Return the data below unaltered, but strip out the pictures.
Segment Open
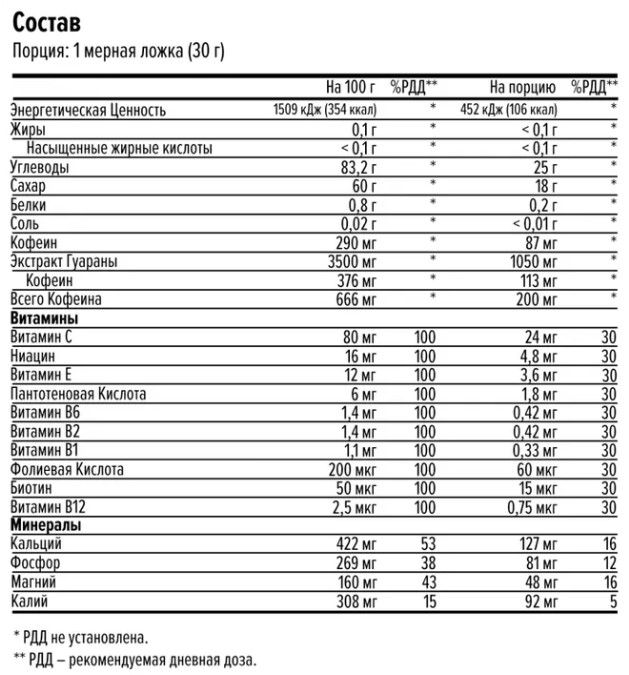 Для получения одной порции смешать 30 г порошка (1 мерную ложку) с 300 мл воды. Принимать за 30 минут до тренировки.
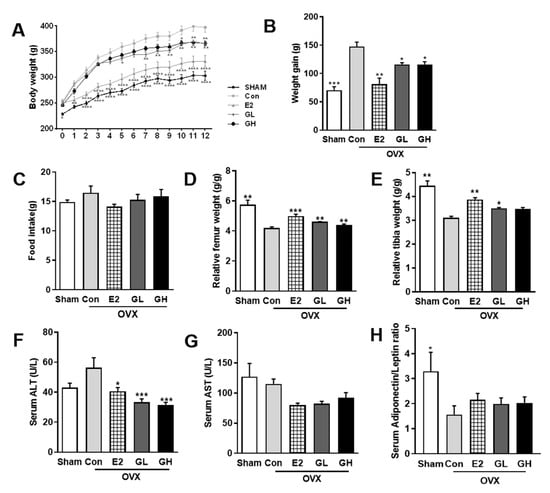 | Weight (g) | Sham | Con | E2 | GL | GH |
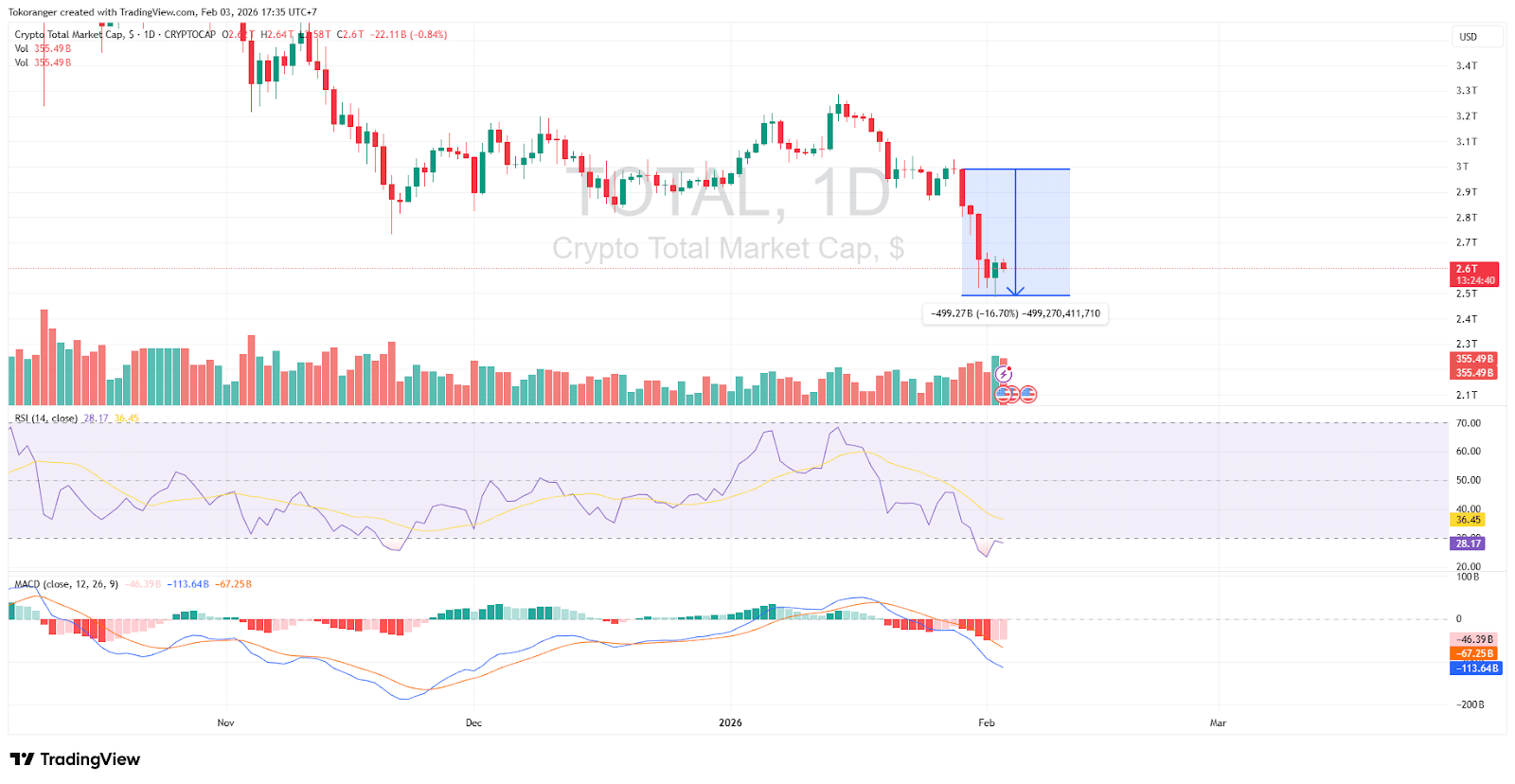 Jika kita menambahkan faktor pertama, yaitu volatilitas pasar, risk-off sentiment, dan likuidasi besar, maka penurunan Bitcoin di Januari menjadi lebih kontekstual. Dalam waktu kurang dari satu minggu, Bitcoin turun lebih dari 16,7%, dan penurunan ini terjadi secara menyeluruh di pasar kripto. Total kapitalisasi pasar kripto terkoreksi sekitar USD 500 miliar, dari kisaran USD 3 triliun turun hingga mendekati USD 2,5 triliun. Dengan skala market cap sebesar ini, proses pemulihan tentu membutuhkan waktu dan aliran dana yang tidak kecil. Artinya, dampak dari likuidasi massal dan keluarnya likuiditas akibat risk-off sentiment berpotensi masih akan terasa dalam jangka pendek hingga menengah ke depan.
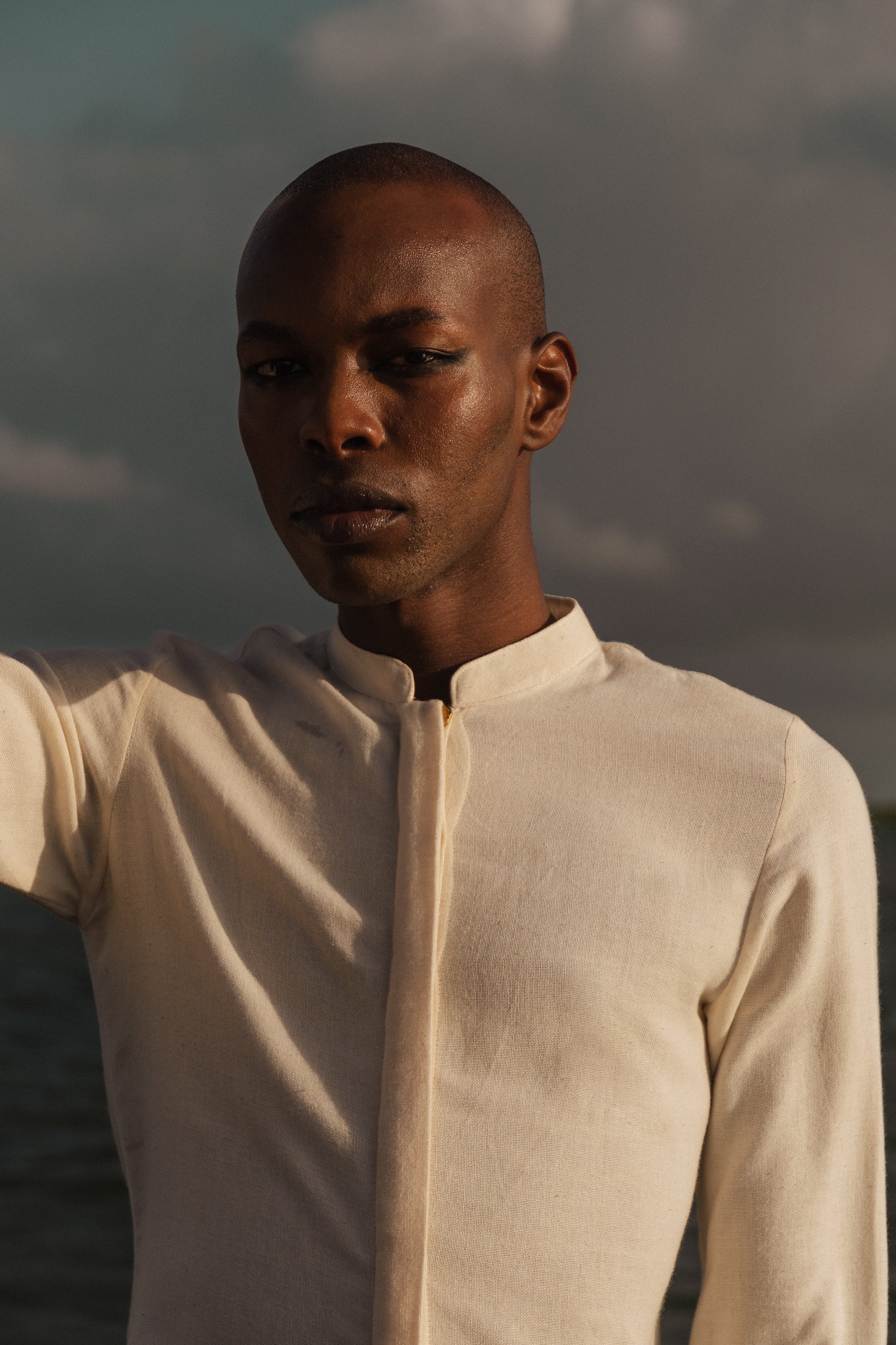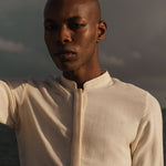 Nehru collar, long sleeve, classic cuffs & length. Gender neutral style. Finished with wooden & handcast feature brass buttons, in unique shapes.
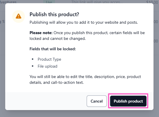 - When publishing, you’ll be asked to confirm your choice. Once a product is published, certain fields become locked and cannot be edited (including product type, files, and connected calendars).
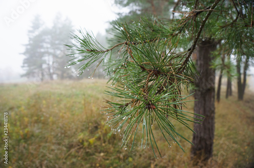 © Ruslan, Obraz premium Fir Branch With Pine Cone And Snow Flakes - Christmas Holidays Background
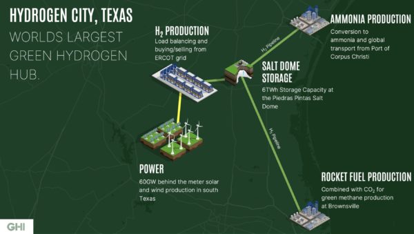 GHI has acquired salt storage rights at strategic sites globally, with a potential for 100 TW hours of energy storage capacity. Hydrogen City is GHI’s first project, and it will be centered on the Piedras Pintas salt dome in Duval County, Texas. It is planned that the green hydrogen will be delivered through pipelines to Corpus Christi and Brownsville, where it will be turned into green ammonia, sustainable aviation fuel, and other products, or it will be delivered by pipeline directly to hydrogen power plants and other users around the state.
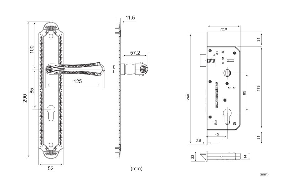 - Tay ốp khóa được sản xuất bằng hợp kim ZDC-2, mạ đồng giả cổ.
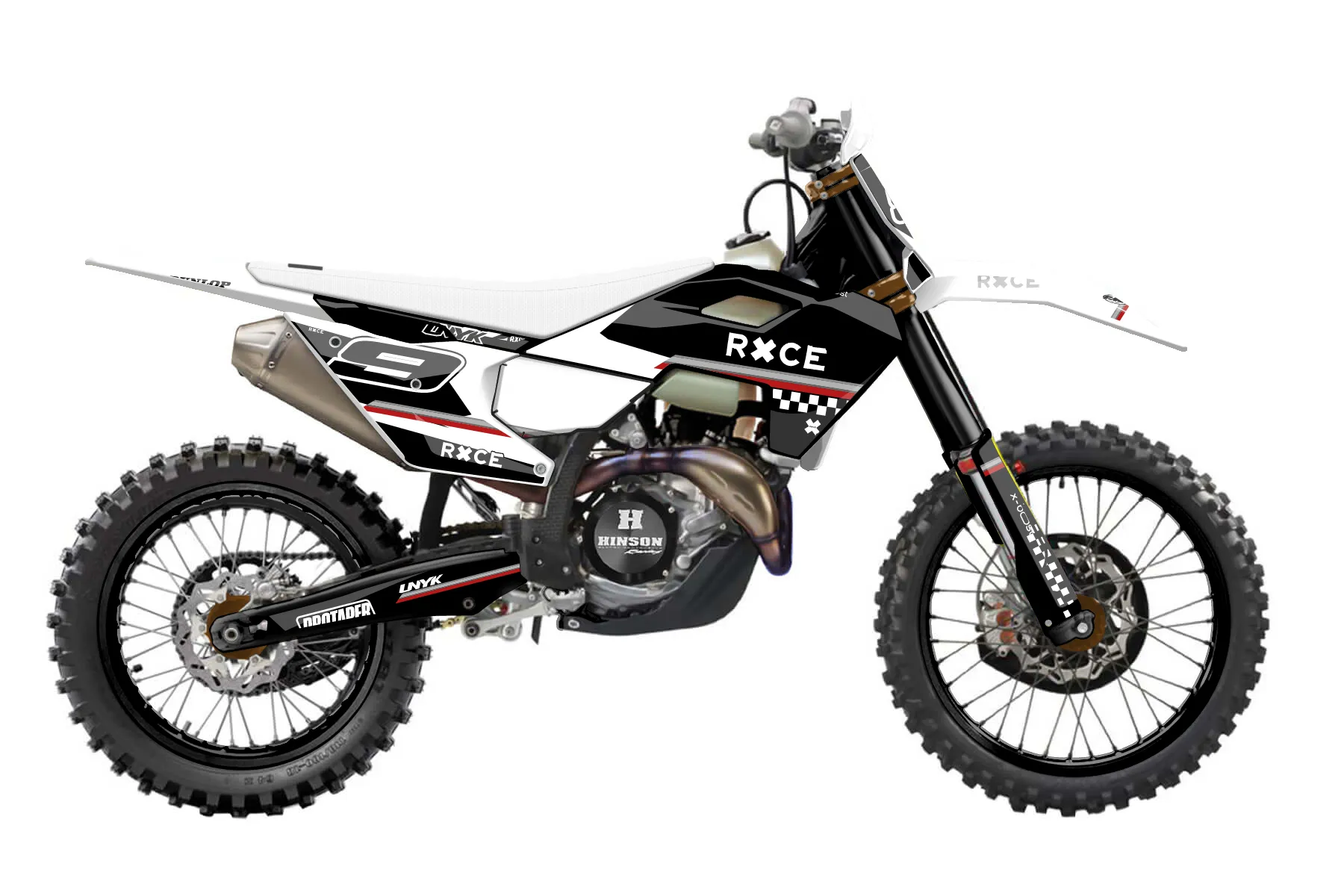 «Direction» — готовый комплект графики серии Maverick для Husqvarna Enduro Graphic Kit Husqvarna FX 450 2016. В комплекте: графика на бак и боковые облицовки, крылья (переднее и заднее), передний щиток, номерные таблички, защита вилки. Материал: ПВХ-винил 80 мкр с холодной ламинацией 300 мкр, общая толщина 380 мкр; покрытие глянцевое или матовое на выбор. Устойчив к UV-излучению, воде, бензину и мойке высокого давления. Клей акриловый на сольвентной основе — постоянный, для гибких пластиков. На простых поверхностях монтируется без нагрева; для сложных изгибов рекомендуем фен. Этот пресет можно заказать как есть или взять за основу в конструкторе: поменять цвета, добавить стартовый номер и свой бренд. Производство — 3–5 рабочих дней, доставка по России СДЭКом или Почтой, по СНГ — курьерскими службами.
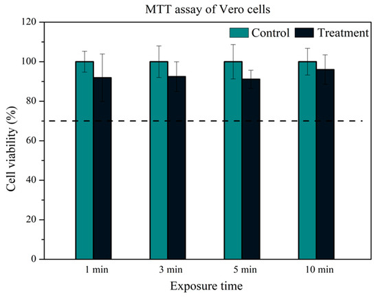 Outcomes from the MTT assay conducted on Vero cells. This graph depicts the cell viability (%) following exposure to plasma for 1, 3, 5, and 10 min, along with the corresponding control groups. The dashed line denotes the threshold of 70% cell viability.
Segment Closed
- [WRITTEN ANSWER]
 Для получения одной порции смешать 30 г порошка (1 мерную ложку) с 300 мл воды. Принимать за 30 минут до тренировки.
 | Weight (g) | Sham | Con | E2 | GL | GH |
 Jika kita menambahkan faktor pertama, yaitu volatilitas pasar, risk-off sentiment, dan likuidasi besar, maka penurunan Bitcoin di Januari menjadi lebih kontekstual. Dalam waktu kurang dari satu minggu, Bitcoin turun lebih dari 16,7%, dan penurunan ini terjadi secara menyeluruh di pasar kripto. Total kapitalisasi pasar kripto terkoreksi sekitar USD 500 miliar, dari kisaran USD 3 triliun turun hingga mendekati USD 2,5 triliun. Dengan skala market cap sebesar ini, proses pemulihan tentu membutuhkan waktu dan aliran dana yang tidak kecil. Artinya, dampak dari likuidasi massal dan keluarnya likuiditas akibat risk-off sentiment berpotensi masih akan terasa dalam jangka pendek hingga menengah ke depan.
 Nehru collar, long sleeve, classic cuffs & length. Gender neutral style. Finished with wooden & handcast feature brass buttons, in unique shapes.
 - When publishing, you’ll be asked to confirm your choice. Once a product is published, certain fields become locked and cannot be edited (including product type, files, and connected calendars).
 © Ruslan, Obraz premium Fir Branch With Pine Cone And Snow Flakes - Christmas Holidays Background
 GHI has acquired salt storage rights at strategic sites globally, with a potential for 100 TW hours of energy storage capacity. Hydrogen City is GHI’s first project, and it will be centered on the Piedras Pintas salt dome in Duval County, Texas. It is planned that the green hydrogen will be delivered through pipelines to Corpus Christi and Brownsville, where it will be turned into green ammonia, sustainable aviation fuel, and other products, or it will be delivered by pipeline directly to hydrogen power plants and other users around the state.
 - Tay ốp khóa được sản xuất bằng hợp kim ZDC-2, mạ đồng giả cổ.
 «Direction» — готовый комплект графики серии Maverick для Husqvarna Enduro Graphic Kit Husqvarna FX 450 2016. В комплекте: графика на бак и боковые облицовки, крылья (переднее и заднее), передний щиток, номерные таблички, защита вилки. Материал: ПВХ-винил 80 мкр с холодной ламинацией 300 мкр, общая толщина 380 мкр; покрытие глянцевое или матовое на выбор. Устойчив к UV-излучению, воде, бензину и мойке высокого давления. Клей акриловый на сольвентной основе — постоянный, для гибких пластиков. На простых поверхностях монтируется без нагрева; для сложных изгибов рекомендуем фен. Этот пресет можно заказать как есть или взять за основу в конструкторе: поменять цвета, добавить стартовый номер и свой бренд. Производство — 3–5 рабочих дней, доставка по России СДЭКом или Почтой, по СНГ — курьерскими службами.
 Outcomes from the MTT assay conducted on Vero cells. This graph depicts the cell viability (%) following exposure to plasma for 1, 3, 5, and 10 min, along with the corresponding control groups. The dashed line denotes the threshold of 70% cell viability.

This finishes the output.